Collection entries:
= = = = = = =

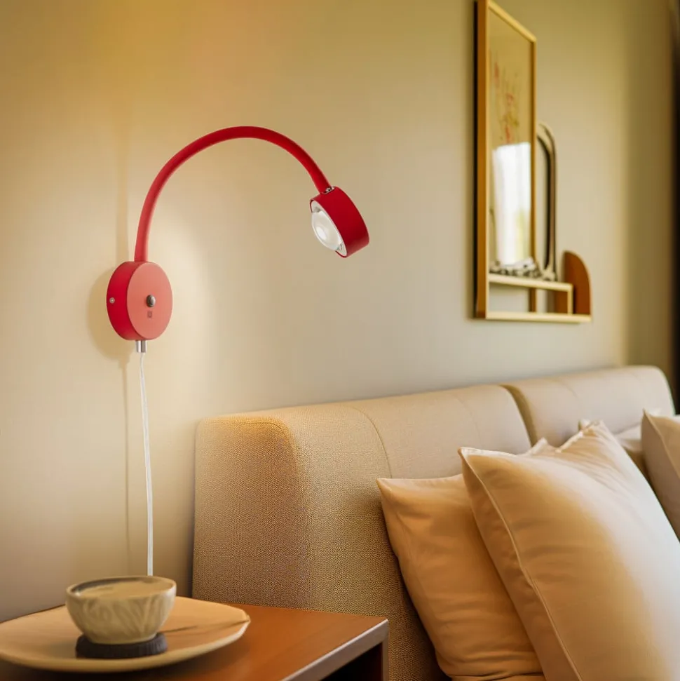 Jyla wandlamp met flexibele arm en geïntegreerde dimmer De Jyla wandlamp heeft een stekker zodat hij flexibel in de woonruimte kan worden geplaatst. Het enige wat je nodig hebt is een stopcontact in de buurt. Bijzonder praktisch is de geïntegreerde flexibele arm, waarmee de richting van het warmwitte licht in een handomdraai kan worden aangepast aan persoonlijke wensen. Jyla is ideaal als lichtbron voor kantoor, woonkamer of slaapkamer. Met zijn moderne rode kleur is de wandlamp een bijzondere blikvanger in veel omgevingen, en de geïntegreerde schakelaar op de wandhouder maakt het mogelijk om het licht gewoon aan en uit te doen. Dankzij de 3-staps dimtechnologie met geïntegreerde uit-functie kan de lamp ook tot drie verschillende helderheidsniveaus worden gedimd door meerdere keren op de schakelaar te drukken: 100%, 50% en 25%. De meegeleverde GX53 lamp heeft een gebogen lens en ziet er daardoor uit als een glazen halve bol.
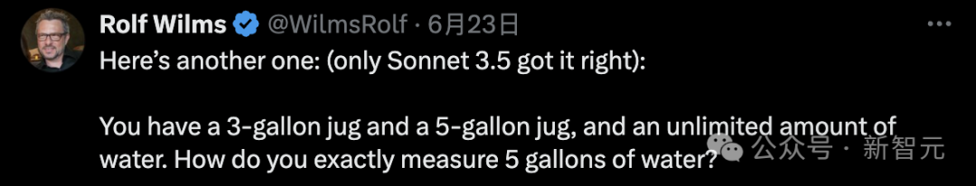 推特网友还发现了另一个绊倒几乎所有LLM的简单问题:(剧透,只有Claude 3.5 Sonnet答对了)
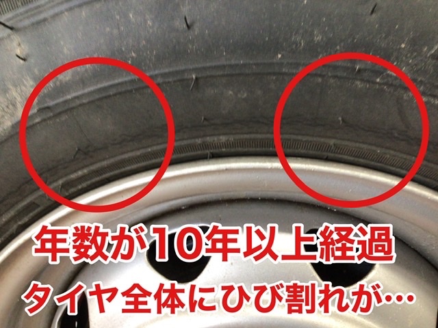タイヤ全体にひび割れがあり
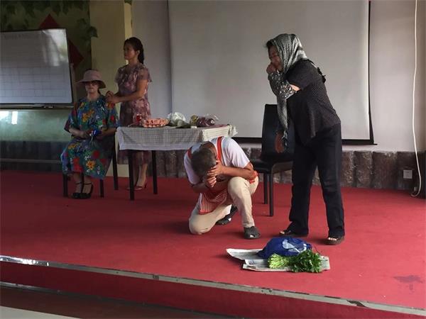 老人们开心的看着表演
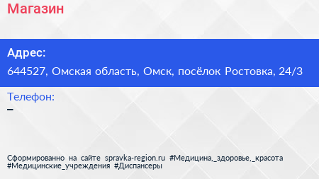 Магазин по адресу 644527, Омская область, Омск, посёлок Ростовка, 24/3 в дальнейшем Организация, размещена в следующих категориях:
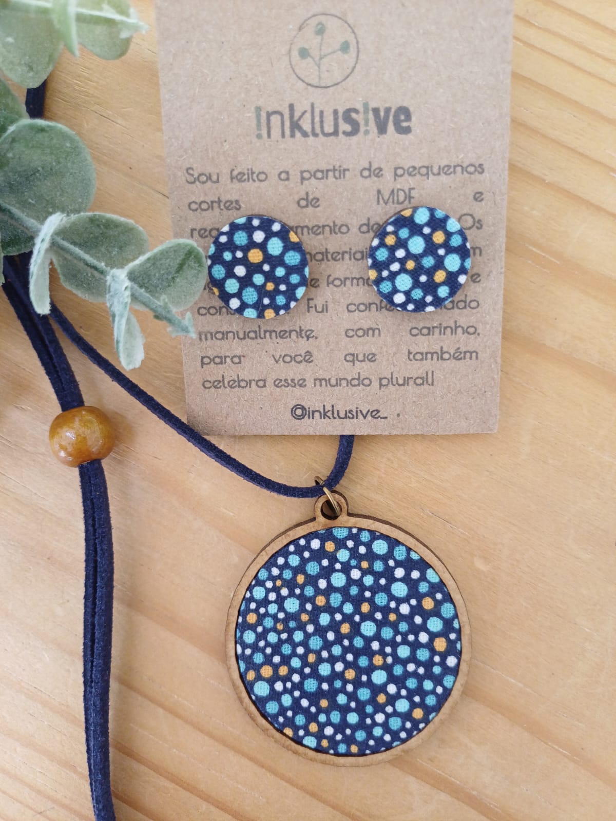Colar e brinco feitos em Mdf e tecido. Pingente 4cm e brinco 1.5cm. Cordão em camurça regulável.
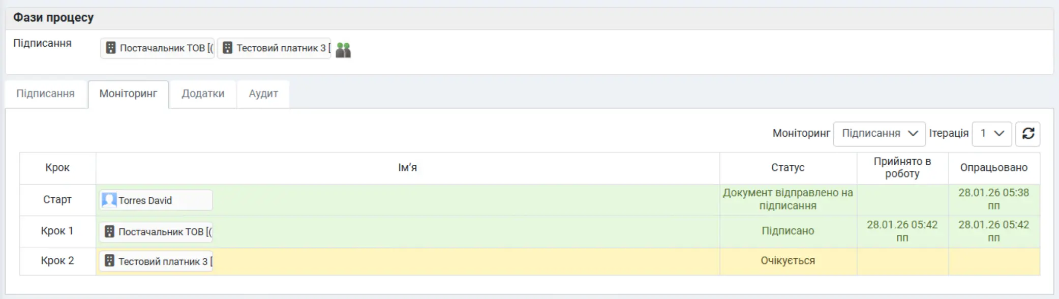 Наприклад, під час внутрішнього погодження учасники процесу можуть у вкладці «Моніторинг» відстежувати поточні статуси документа та хід узгодження в деталях: хто і коли взяв документ у роботу, які рішення були прийняті, чи було його відхилено або делеговано – з відображенням усіх подій у розрізі кожної ітерації процесу.
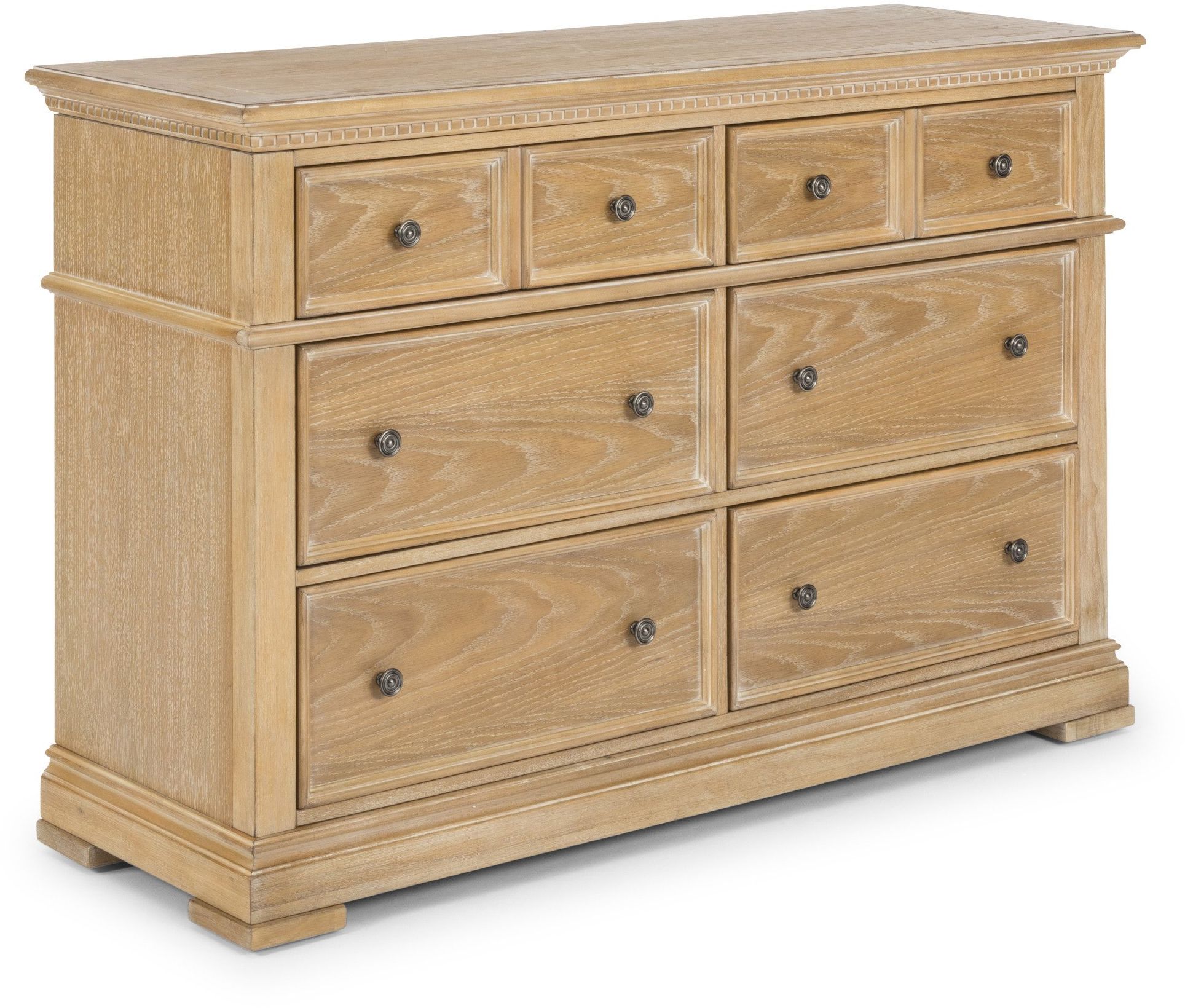 Traditional design with a hint of contemporary. The Manor House Dresser by homestyles is crafted from wire-brushed hardwood solids and white oak veneers over engineered woods with an aged waxed, white oak finish. Features a raised base with block feet and a piano molding under the top, adding to the traditional design. Six deep, equal-sized drawers have outer-edge, picture frame molding and antique nickel drawer pulls. The top two drawers have a faux two-drawer look and felt-lined bottom for more delicate items.
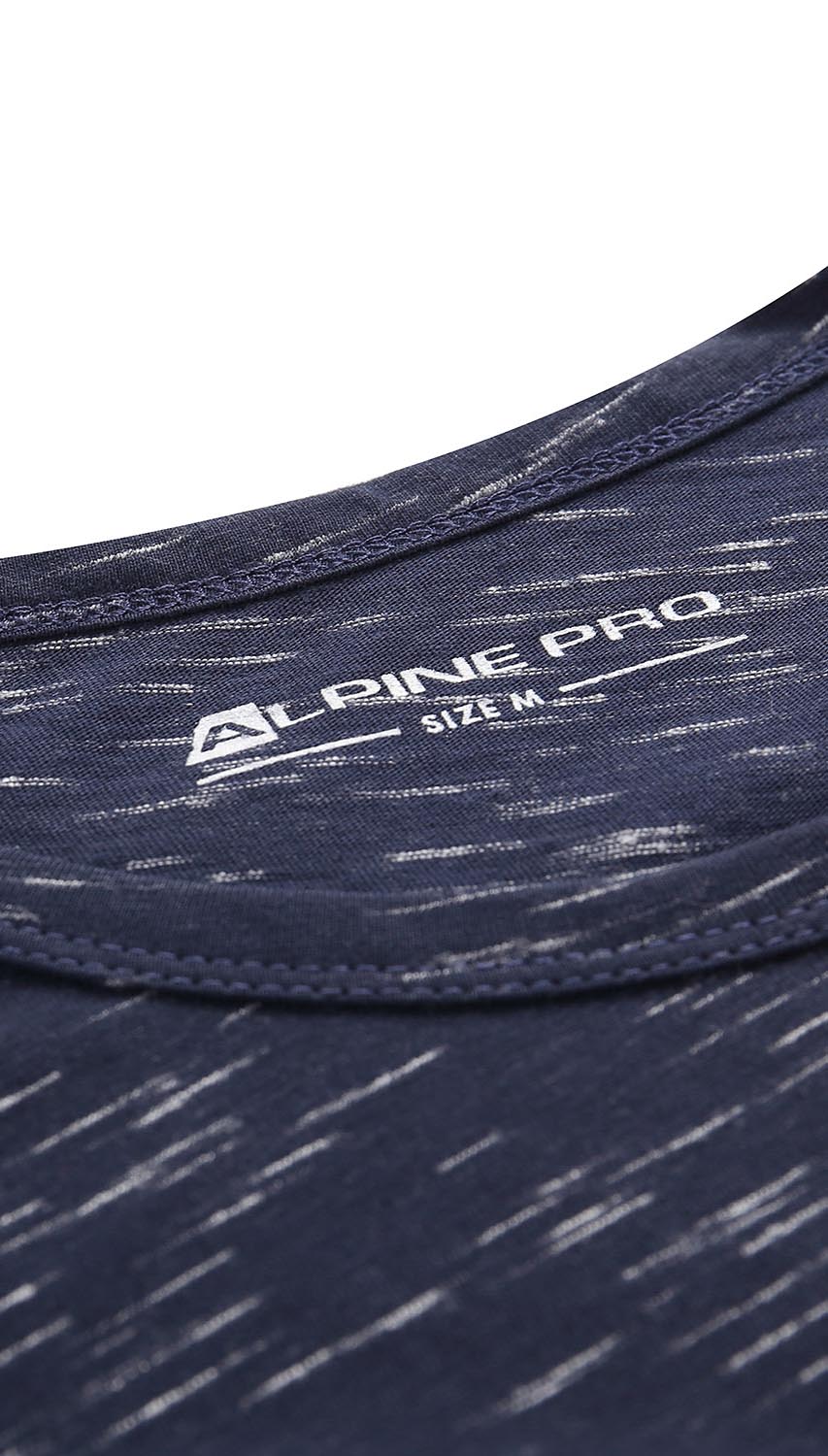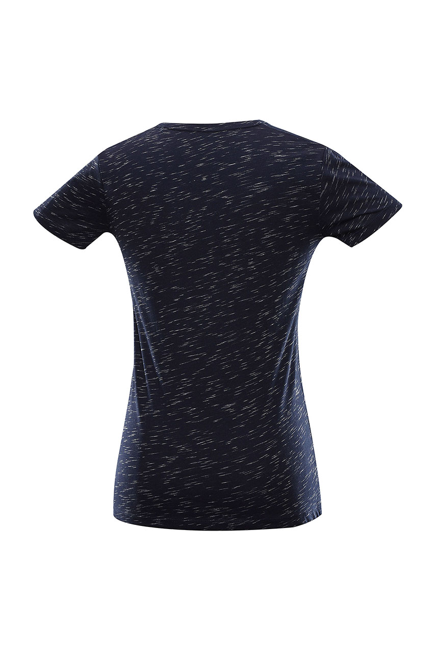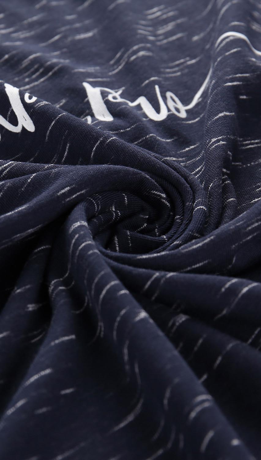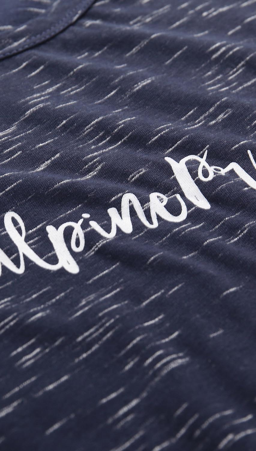 Granatowa koszulka damska o regularnym kroju. Posiada okrągły dekolt oraz kobiecy nadruk. Koszulka została uszyta z mieszanki wysokiej jakości bawełny oraz wiskozy, które są przyjazne skórze i pozwalają jej oddychać. To świetna propozycja dla każdej modnej kobiety zarówno na co dzień, ale także na aktywny spacer lub trening.
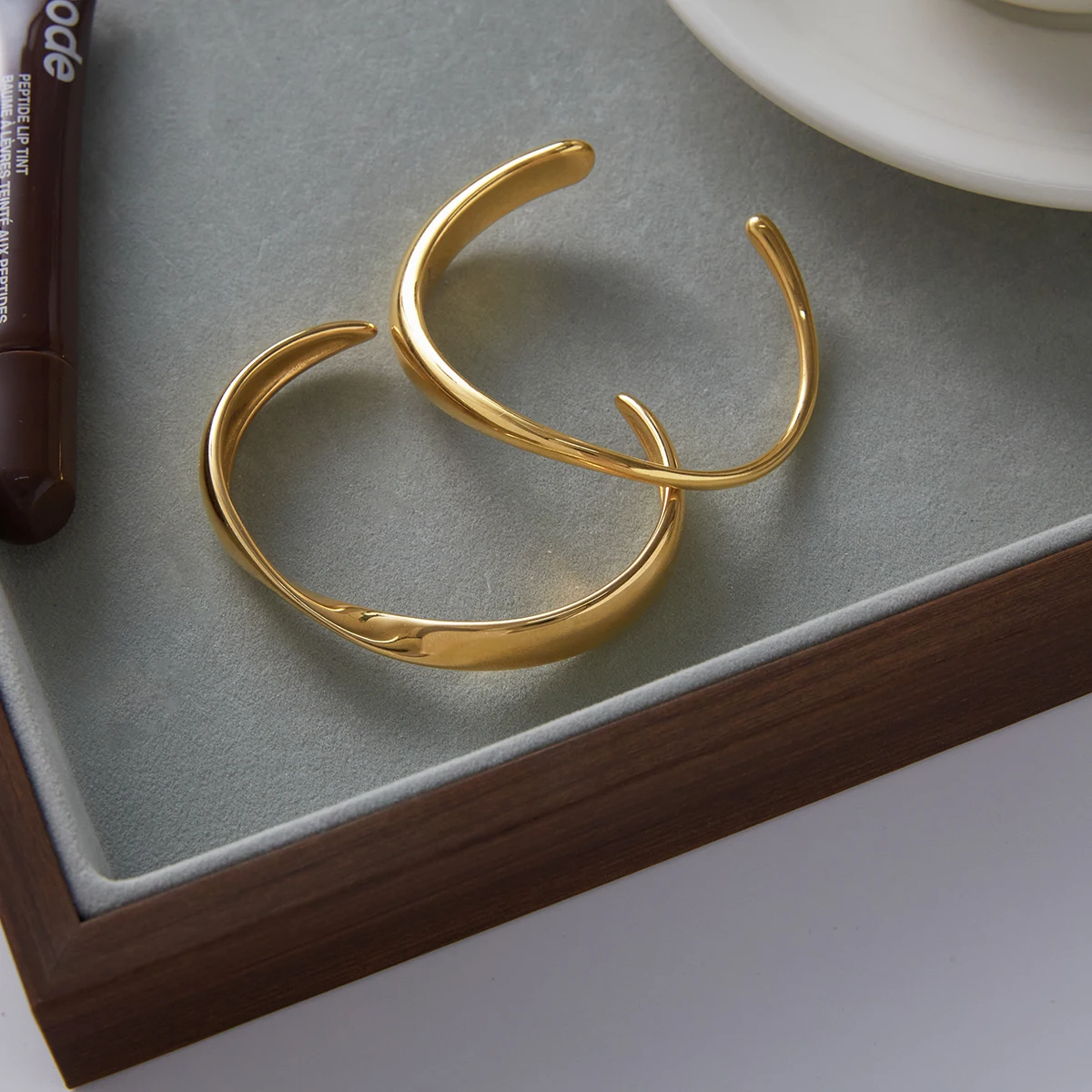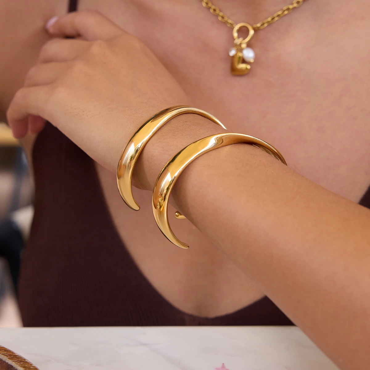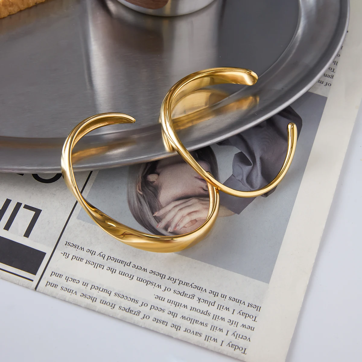 Experience elegance and modern style with this minimalist gold-colored stainless steel cuff bracelet. Its asymmetrical, flowing line gracefully curves around your wrist, creating a sleek and sophisticated look. Crafted from high-quality stainless steel, it features a polished, high-gloss finish in a luxurious gold hue with platinum accents, giving it a shiny, reflective surface that enhances its contemporary appeal. The round, open-ended design tapers slightly at each end, ensuring comfort and a perfect fit. With its unembellished surface, this bracelet exudes a clean, trendy aesthetic suitable for everyday wear or special occasions. Waterproof and durable, it offers long-lasting beauty and versatility, making it an essential statement piece that elevates any outfit with ease.

= = = = = = =

**Assignment:**
Go through the entries above and print each one exactly, minus the pictures.

**Your solution:**
 Jyla wandlamp met flexibele arm en geïntegreerde dimmer De Jyla wandlamp heeft een stekker zodat hij flexibel in de woonruimte kan worden geplaatst. Het enige wat je nodig hebt is een stopcontact in de buurt. Bijzonder praktisch is de geïntegreerde flexibele arm, waarmee de richting van het warmwitte licht in een handomdraai kan worden aangepast aan persoonlijke wensen. Jyla is ideaal als lichtbron voor kantoor, woonkamer of slaapkamer. Met zijn moderne rode kleur is de wandlamp een bijzondere blikvanger in veel omgevingen, en de geïntegreerde schakelaar op de wandhouder maakt het mogelijk om het licht gewoon aan en uit te doen. Dankzij de 3-staps dimtechnologie met geïntegreerde uit-functie kan de lamp ook tot drie verschillende helderheidsniveaus worden gedimd door meerdere keren op de schakelaar te drukken: 100%, 50% en 25%. De meegeleverde GX53 lamp heeft een gebogen lens en ziet er daardoor uit als een glazen halve bol.
 推特网友还发现了另一个绊倒几乎所有LLM的简单问题:(剧透,只有Claude 3.5 Sonnet答对了)
タイヤ全体にひび割れがあり
 老人们开心的看着表演
 Магазин по адресу 644527, Омская область, Омск, посёлок Ростовка, 24/3 в дальнейшем Организация, размещена в следующих категориях:
Colar e brinco feitos em Mdf e tecido. Pingente 4cm e brinco 1.5cm. Cordão em camurça regulável.
 Наприклад, під час внутрішнього погодження учасники процесу можуть у вкладці «Моніторинг» відстежувати поточні статуси документа та хід узгодження в деталях: хто і коли взяв документ у роботу, які рішення були прийняті, чи було його відхилено або делеговано – з відображенням усіх подій у розрізі кожної ітерації процесу.
 Traditional design with a hint of contemporary. The Manor House Dresser by homestyles is crafted from wire-brushed hardwood solids and white oak veneers over engineered woods with an aged waxed, white oak finish. Features a raised base with block feet and a piano molding under the top, adding to the traditional design. Six deep, equal-sized drawers have outer-edge, picture frame molding and antique nickel drawer pulls. The top two drawers have a faux two-drawer look and felt-lined bottom for more delicate items.
 Granatowa koszulka damska o regularnym kroju. Posiada okrągły dekolt oraz kobiecy nadruk. Koszulka została uszyta z mieszanki wysokiej jakości bawełny oraz wiskozy, które są przyjazne skórze i pozwalają jej oddychać. To świetna propozycja dla każdej modnej kobiety zarówno na co dzień, ale także na aktywny spacer lub trening.
 Experience elegance and modern style with this minimalist gold-colored stainless steel cuff bracelet. Its asymmetrical, flowing line gracefully curves around your wrist, creating a sleek and sophisticated look. Crafted from high-quality stainless steel, it features a polished, high-gloss finish in a luxurious gold hue with platinum accents, giving it a shiny, reflective surface that enhances its contemporary appeal. The round, open-ended design tapers slightly at each end, ensuring comfort and a perfect fit. With its unembellished surface, this bracelet exudes a clean, trendy aesthetic suitable for everyday wear or special occasions. Waterproof and durable, it offers long-lasting beauty and versatility, making it an essential statement piece that elevates any outfit with ease.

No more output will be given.